Lori Koch: There’s no sequential price declines of any magnitude baked in. It’s more just lapping. Last year, the bulk of the raise was in, like, February-March time frame.

Scott Davis: That’s what I figured. Okay, great. Best of luck. Thanks. Appreciate it.

Ed Breen: Thanks, Scott.

Operator: Our next question comes from the line of Christopher Parkinson from Mizuho. Please proceed.

Christopher Parkinson: Great. Thank you so much. Your performance in W&P, specifically on the water and the safety side has been pretty solid. Depending on, obviously, where the macro takes us, which is natural out of your control. Can you just speak to the potential resiliency of those two businesses in terms of your expectations for the second half embedded in guidance? Thank you.

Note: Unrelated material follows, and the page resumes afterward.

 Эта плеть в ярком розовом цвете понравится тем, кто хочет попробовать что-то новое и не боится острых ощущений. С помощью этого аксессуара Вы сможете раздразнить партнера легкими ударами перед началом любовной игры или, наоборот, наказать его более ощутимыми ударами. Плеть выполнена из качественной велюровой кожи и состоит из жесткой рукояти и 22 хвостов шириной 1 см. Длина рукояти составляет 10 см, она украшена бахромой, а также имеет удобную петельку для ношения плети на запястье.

Lori Koch: Yeah. So we still expect continued strength in water. So we had a nice organic growth in the first quarter. On both the price and volume basis and we expect that to continue as we head into the rest of the year. There’s a lot of secular trends favoring our water portfolio right now. And on the safety side, we’re seeing strength as well in most areas, especially what we highlighted with respect to the Spectrum acquisition on our healthcare portfolio. So we’ve got about a $500 million medical packaging business in Tyvek that’s performing very nicely. So we see those secular trends continuing throughout the rest of 2023. One other area too that we can highlight of growth within the safety portfolio is the EV piece. So there’s a nice application for Nomex paper within the e-motor that we’re seeing nice growth in the first quarter and we’ll look for that to continue as well.

Christopher Parkinson: That’s very helpful. And just given the results on the margin front, Lori, for the first quarter. Can you just give us a real quick update on your expectation for the intermediate to long term outlook to near 27%, 28%. Is that still roughly in line with your expectations in terms of your progression back to those levels? Thank you.

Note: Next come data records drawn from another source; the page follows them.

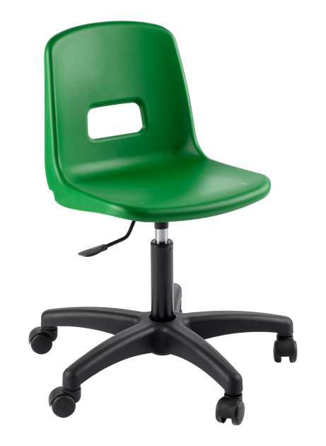 Stolička s celoplastovým sedákom rôznych farieb, výškovo nastaviteľná pomocou plynového piestu, päťramenný plastový kríž s kolieskami (more)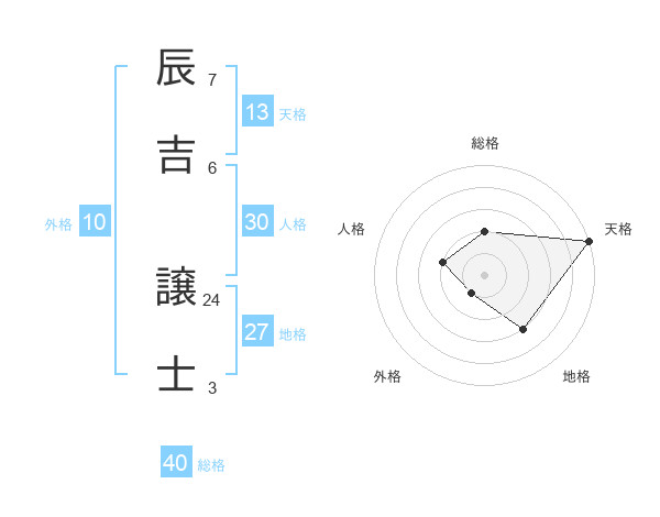 辰吉 譲士さんの天格は13画の5点!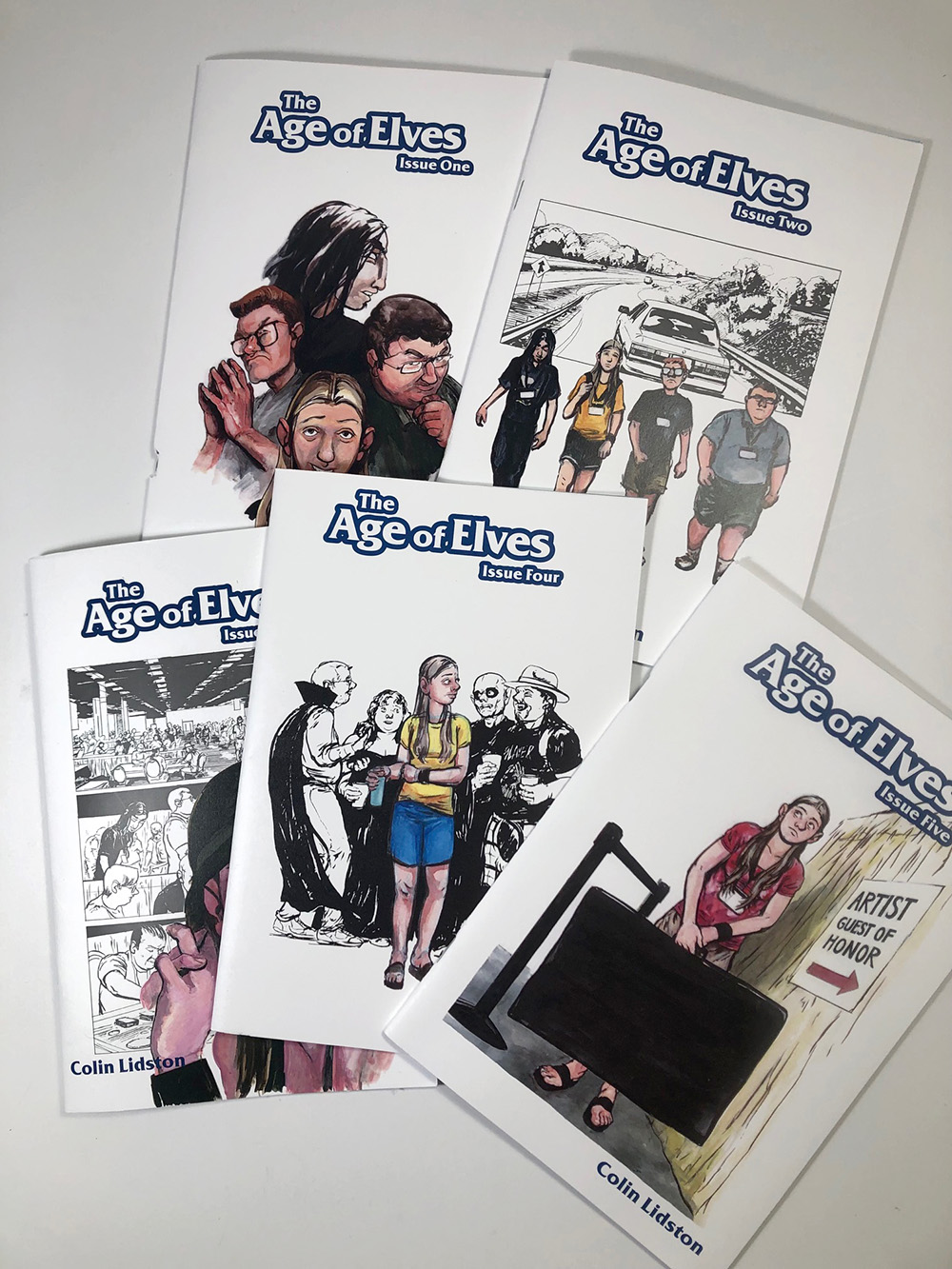 All five issues of The Age of Elves Issue by Colin Lidston 6" x 9" black and white with a full-color covers

Lori Koch: Yes. I mean that’s still our expectation with three big tailwinds between now and then. One is obviously the volume recover in E&I and getting those margins back into the low 30s. So we dipped in Q1. That was really a reflection of the volume and the actions we took to align production with demand. So that $40 million to $45 million created a headwind in the first quarter. So that is not permanent, that will resolve itself. Another tailwind is the price cost piece. So as we can see a potential future benefit there that will be margin accretive for us. And so, those are the two biggest levers. And then obviously, the final piece is the mix component. So as you get E&I back on its growth trajectory, obviously, it’s the highest margin piece of our portfolio. So there’s a favorable mix lift there as that market starts to recover.

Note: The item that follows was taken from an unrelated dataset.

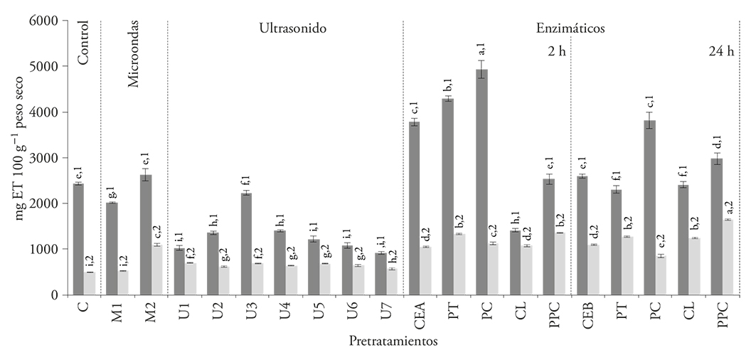 ) extracts obtained after applying pretreatments: microwaves (M), ultrasound (U), protease (PT), pectinase (PC), cellulase (CL) and enzyme mixture (PPC). All compared with controls without treatment (C, CEA, CEB). Numbers indicate a significant difference between the samples; letters indicate a significant difference between pretreatments (p≤0.05).

Christopher Parkinson: Helpful as always. Thank you so much.

Operator: Our next question comes from the line of Mike Leithead from Barclays. Please proceed.

Mike Leithead: Great. Thanks. Good morning, guys.

Ed Breen: Good morning.

Mike Leithead: First question, just on Spectrum. Apologies if I missed this in the materials, but is it possible to provide the 2022 revenue and EBITDA for the business?

Lori Koch: Yes. So 2022 revenue was about $450 million and EBITDA was about $95 million.

Mike Leithead: Great. Thank you. And then secondly, can you just talk about the lower leverage target now about kind of 2.0 instead of 2.75. Is this just more conservatism in the current rate environment? Or just kind of help frame the pivot there?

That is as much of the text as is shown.